Two typical winter lawn diseases and how to fight them

Two typical winter lawn diseases and how to fight them featured image

Winter is the perfect time for a villainous and deadly disease to take hold of your lawn throughout winter – especially when you’re not looking behind you! So, if you want your garden to look less pantomime and more Midnight Summer’s Dream come spring, you’ll need to keep your eye out for these felonious fungi throughout the winter months.

Snow Mould (Fusarium Patch)

As your white Christmas melts away, you may notice that some of the white patches aren’t shifting. This is because your lawn may be sick with one of the most common lawn diseases – Fusarium Patch. Grasses that are particularly susceptible to this disease are: Annual Meadow-grass, Perennial Ryegrass and Creeping Bent.

Your lawn symptoms will be yellow/brown grass in various patches. Fusarium Patch is not to be confused with just some patchy grass – you’ll notice that the patches will be brown around the edges going into the yellow patch, whereas regular patchy grass just needs a little more love and will generally reveal the soil underneath. We wish we could say that this disease is completely unavoidable – but you can avoid it.

With good lawn management, you can help prevent this from happening. Here’s what you need to do –

  • Avoid using a fertiliser that has a high Nitrogen level
  • Spike your turf regularly to alleviate compression
  • Don’t walk on the grass when there’s snow!

If you suspect your lawn is diagnosed with Snow Mould, invest in a hand-held fungicide that will help you tackle the lawn head-on!

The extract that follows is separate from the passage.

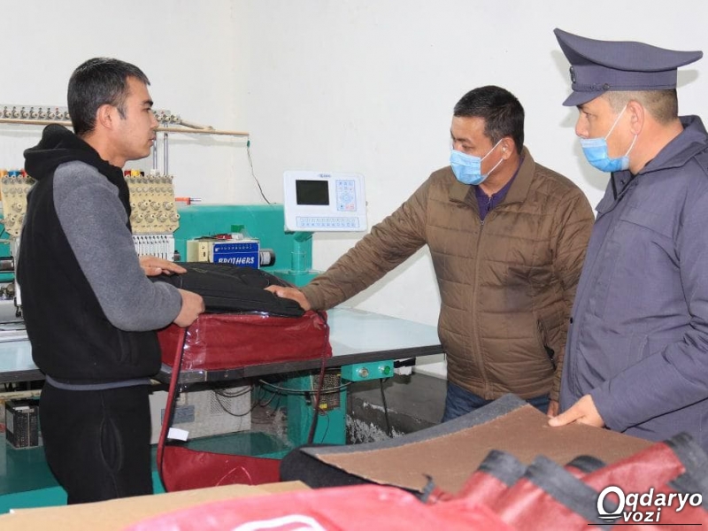 Туман ҳокими Н.Сулаймонов корхонанинг иш фаолияти билан яқиндан танишди. Туман раҳбари тадбиркорнинг муаммоларини ўрганар экан, тадбиркорлик фаолиятини янада кенгайтириш учун кредит масалаларида кўмак бериш билан бир қаторда, ҳокимлик томонидан ёрдам тариқасида 10 та тикув машинаси бепул берилишини ва бунинг учун тадбиркор ҳам яна 10 та иш ўрни яратиб, маҳалладаги 10 нафар ишсиз ёшлар, хотин-қизларни иш билан таъминлаш шартини қўйди.

Red Thread (Corticum Disease)

It’s unfortunate – but fine-leafed grasses such as fescues and perennial ryegrass are most susceptible to Red Thread disease. Red Thread disease is usually a sign that you need to fertilise your lawn. Typical symptoms of  Red Thread are patches of bleached grass, which will later turn a pink hue with red needle-like blades amongst the patch.  

Although it probably won’t show until late summer or autumn, it will have worked away at your lawn during winter when nitrogen levels in the soil are low. As always, prevention is the best cure:

  • Aerating your soil by spiking the turf
  • Ensure to feed your lawn every Spring / Summer

If you haven’t done this and are seeing signs of Red Thread in your lawn (typically in moist weather – summer, autumn, winter), you can use a fungicide that contains Trifloxystrobin.

This is a fungicide that is available for amateur use. However, do not use a Trifloxystrobin solution twice a year, as your lawn will build immunity to it.

As always, prevention is the best cure, but if you should come up against these potential turf terminators, treat it with a Trifloxystrobin fungicide and put these diseases to bed!